NPL program to analyze the sentiment polarity of the tweet & emoji posts
A Natural Language Processing program to analyze the sentiment of the tweets with included emojis. I analyzed the problem and came up with two methods. First is to train the sentiment of the emoji and tweets separately then averaging the value of their polarity to come up with the final sentiment. Second, train the data containing the tweet with included emojis, this method is faster to implement but will skew the sentiment of individual emoticon, as observed from the experiment.
raw data where taken from this links:
- 1.6m tweet dataset with sentiment polarity : https://www.kaggle.com/kazanova/sentiment140
- emoticon dataset : https://www.kaggle.com/thomasseleck/emoji-sentiment-data?select=Emoji_Sentiment_Data_v1.0.csv
- 3 part tweet dataset with with sentiment polarity : https://www.kaggle.com/shashank1558/preprocessed-twitter-tweets
Using the emoticon dataset I simulated, replace, and added utf-8 emoticons the data set
- I downsized the 1.6m tweet dataset to 10k.
- The name tags and links were also removed since most would not contribute to the value of the sentiment
- converted the sentiment values to 0 and 1
- The emoticon dataset although contains sentiment, the sentiment is formatted by voting value of the data acquirer.
- It also contains 3 polarity (positive, neutral, negative)
- to set the sentiment of the emoticon, we compare the values of the positive and negative, which ever is higher is set as the sentiment polarity
- we normalize the value to 0 and 1
- the formatting of the dataset is listing by column and contains 3 file, positive, negative, and neutral tweet list
- We create a new data frame and list the dataset by row and the sentiment polarity depends on what file the tweets were taken from
- The tweets contains tags and link which need to be removed
- Since the raw data is already a cleaned tweet the emotiocn were transformed into plain words or words with synmbol
- ASCII emoticons and word emoticons were converted to utf-8 emoticons
- emoticons were also randomly added by sentiment to balance the data
I experimented with two methods that I think would be suitable for this task.

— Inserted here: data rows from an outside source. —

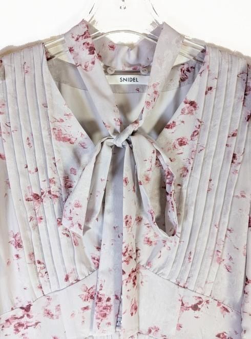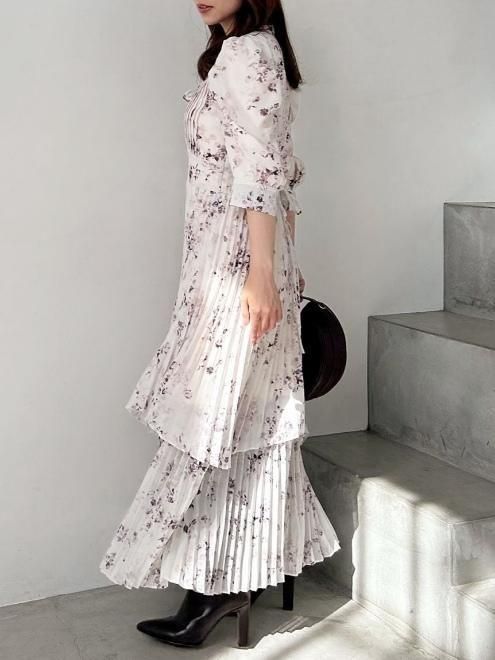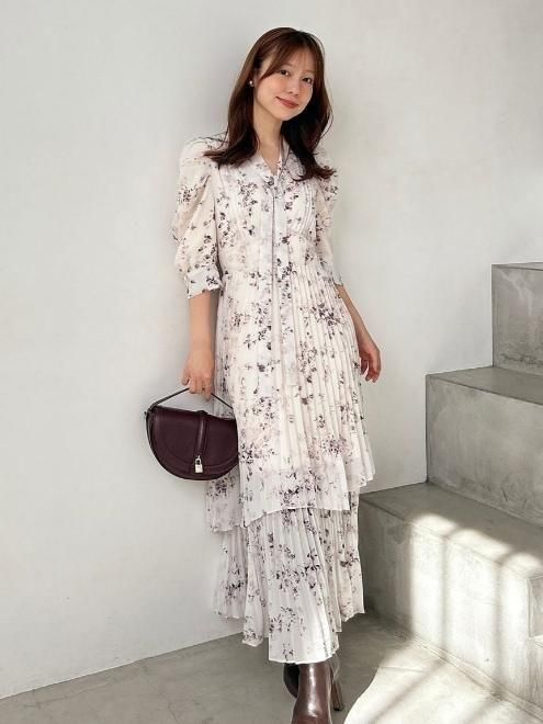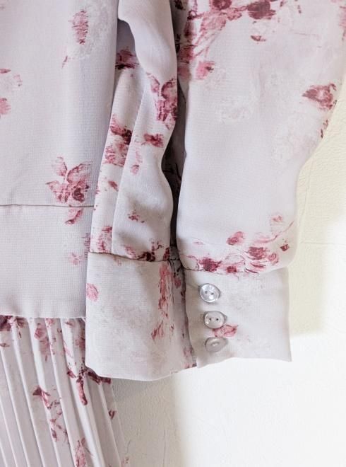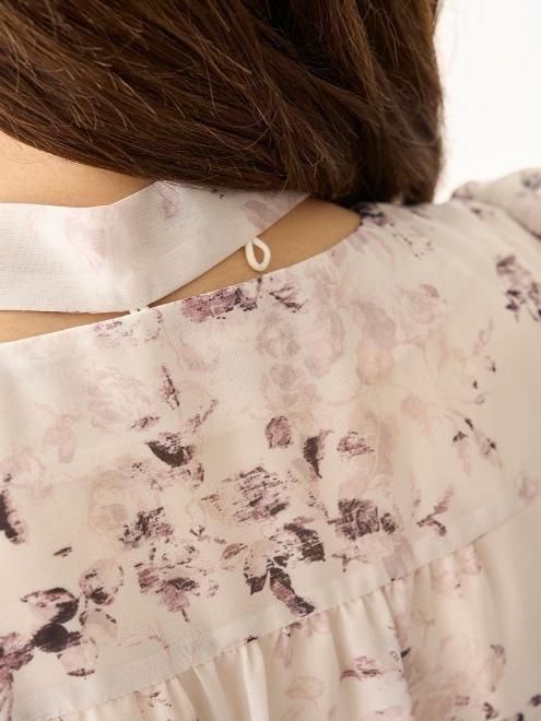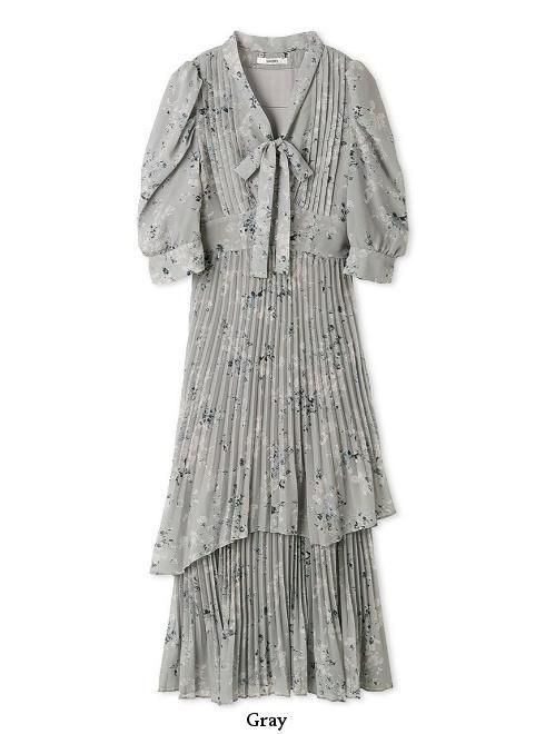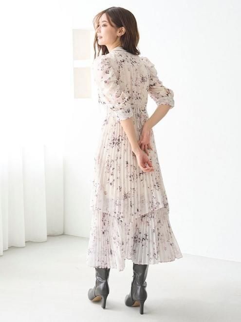 小粒の薔薇モチーフのかすれ柄プリントを取り入れた大人ロマンティックなプリーツシフォンワンピースが登場。共布のボウタイ付きで、後ろのボタンでボウタイの取り外しができるので自由にアレンジいただけます。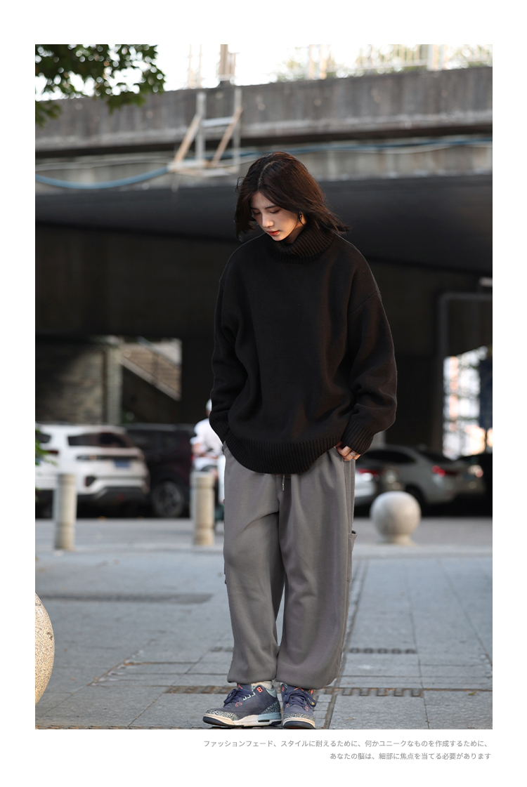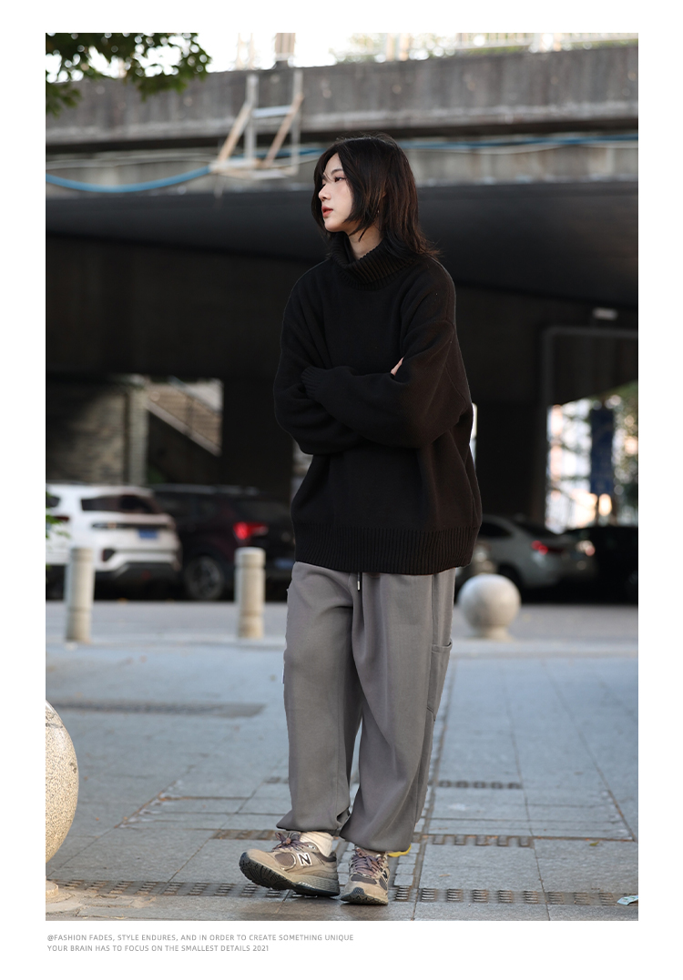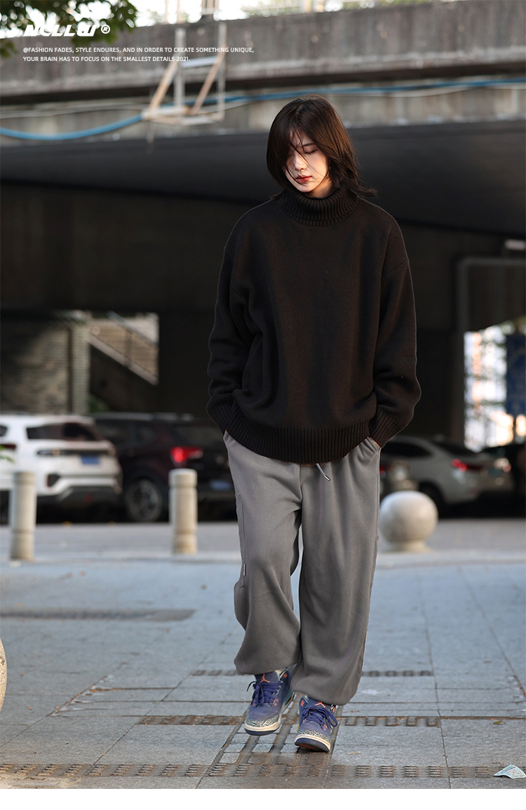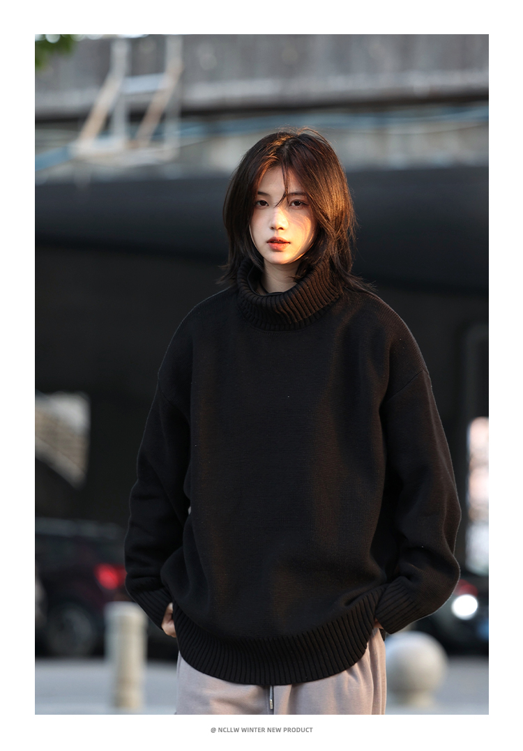 你初恋老王高领毛衣男针织打底衫长袖宽松复古纯色百搭情侣同款女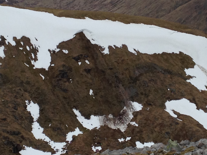 There were snow showers during Friday Saturday before the freezing level rose above the summits on Saturday night and heavy rain fell. This caused numerous substantial avalanches, including some large full depth ones in the Mamores running out to low levels. The freezing level fluctuated over the rest of the time with snow showers. Some avalanche activity was recorded, but they were not particularly large.

- This method extracts and separates the emoticon and texts from the input tweet.
- The emoticon dataset already contains sentiment polarity which we will use to analyze the extracted emoticons
- We train the our processed tweet dataset using Naive Bayes to to set our sentiments
- We use our trained model to predict the extracted text from our input tweet
- To get the final sentiment polarity, We average the sentiment value of the extracted emoticon and tweets
- This method trains our processed dataset as is, where it contain both the emoticons and text
- The tweets contains there respective sentiments which will be used to train our model
- We predict our input tweet & emoji using our model
- This method will also set the sentiment of each emoticon, and depending on the dataset might skew the reals entiment of the emoticon.